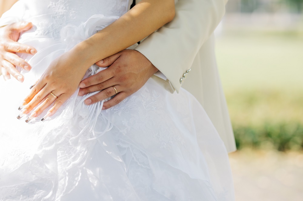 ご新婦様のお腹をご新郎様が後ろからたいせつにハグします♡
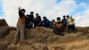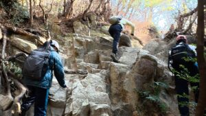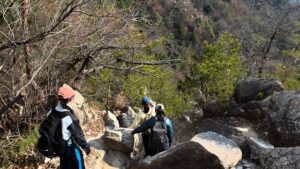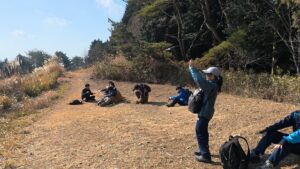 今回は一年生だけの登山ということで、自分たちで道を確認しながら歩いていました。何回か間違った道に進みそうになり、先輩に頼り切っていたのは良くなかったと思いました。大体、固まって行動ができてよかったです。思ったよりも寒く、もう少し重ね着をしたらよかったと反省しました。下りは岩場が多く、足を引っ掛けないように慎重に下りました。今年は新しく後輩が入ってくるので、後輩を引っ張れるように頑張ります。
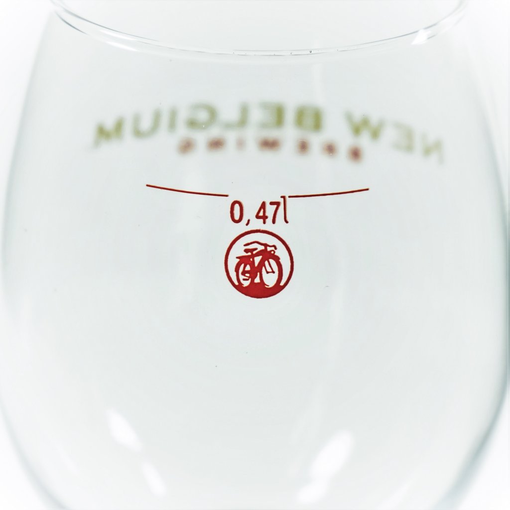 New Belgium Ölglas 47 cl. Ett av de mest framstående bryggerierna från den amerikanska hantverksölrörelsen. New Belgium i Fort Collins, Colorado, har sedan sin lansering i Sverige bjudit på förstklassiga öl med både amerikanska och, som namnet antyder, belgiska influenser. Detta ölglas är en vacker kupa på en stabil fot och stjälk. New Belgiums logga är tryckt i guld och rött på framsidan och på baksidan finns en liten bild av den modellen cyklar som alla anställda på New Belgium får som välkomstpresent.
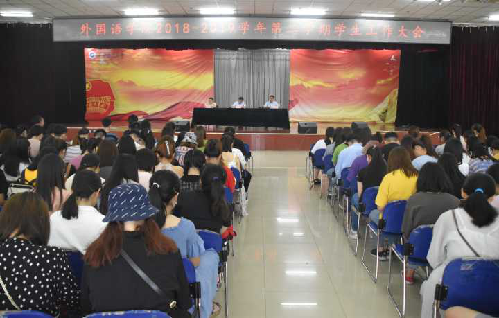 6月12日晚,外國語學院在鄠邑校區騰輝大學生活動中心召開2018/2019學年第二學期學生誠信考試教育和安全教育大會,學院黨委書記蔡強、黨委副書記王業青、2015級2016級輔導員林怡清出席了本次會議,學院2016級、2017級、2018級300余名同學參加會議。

• • • • • • •

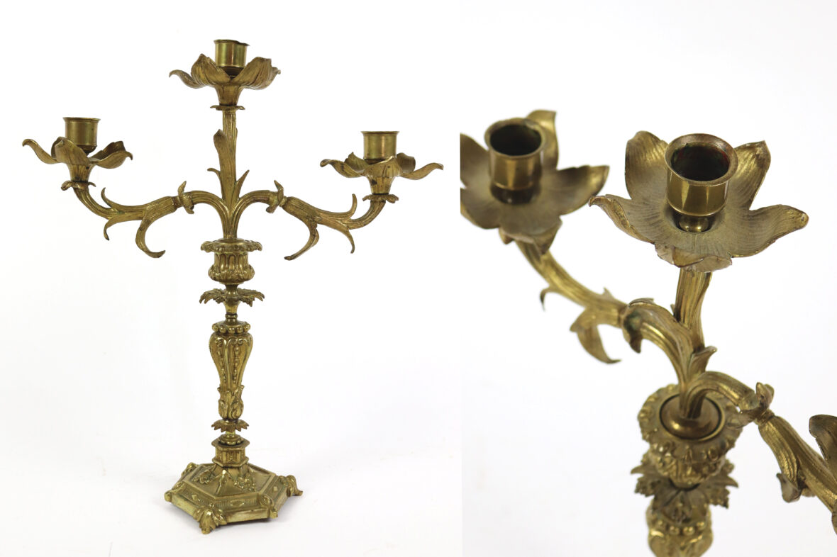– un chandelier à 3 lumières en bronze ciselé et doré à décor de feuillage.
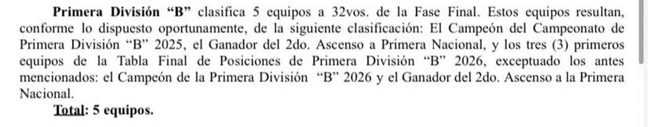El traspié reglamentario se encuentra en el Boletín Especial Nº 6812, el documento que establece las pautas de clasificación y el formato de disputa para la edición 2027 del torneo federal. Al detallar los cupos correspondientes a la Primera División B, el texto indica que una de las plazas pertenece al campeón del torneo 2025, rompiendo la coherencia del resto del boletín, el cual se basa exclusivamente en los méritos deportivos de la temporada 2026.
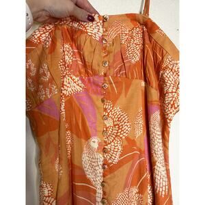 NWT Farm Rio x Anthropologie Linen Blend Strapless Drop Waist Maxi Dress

• • • • • • •

** Work task **
Write out exactly the run of lines above that starts at the line containing "ご新婦様のお腹をご新郎様が後ろからたいせつにハグします♡" and ends at the line containing "6月12日晚,外國語學院在鄠". Include both, and leave the pictures out.

** Your solution **
 ご新婦様のお腹をご新郎様が後ろからたいせつにハグします♡
 今回は一年生だけの登山ということで、自分たちで道を確認しながら歩いていました。何回か間違った道に進みそうになり、先輩に頼り切っていたのは良くなかったと思いました。大体、固まって行動ができてよかったです。思ったよりも寒く、もう少し重ね着をしたらよかったと反省しました。下りは岩場が多く、足を引っ掛けないように慎重に下りました。今年は新しく後輩が入ってくるので、後輩を引っ張れるように頑張ります。
 New Belgium Ölglas 47 cl. Ett av de mest framstående bryggerierna från den amerikanska hantverksölrörelsen. New Belgium i Fort Collins, Colorado, har sedan sin lansering i Sverige bjudit på förstklassiga öl med både amerikanska och, som namnet antyder, belgiska influenser. Detta ölglas är en vacker kupa på en stabil fot och stjälk. New Belgiums logga är tryckt i guld och rött på framsidan och på baksidan finns en liten bild av den modellen cyklar som alla anställda på New Belgium får som välkomstpresent.
 6月12日晚,外國語學院在鄠邑校區騰輝大學生活動中心召開2018/2019學年第二學期學生誠信考試教育和安全教育大會,學院黨委書記蔡強、黨委副書記王業青、2015級2016級輔導員林怡清出席了本次會議,學院2016級、2017級、2018級300余名同學參加會議。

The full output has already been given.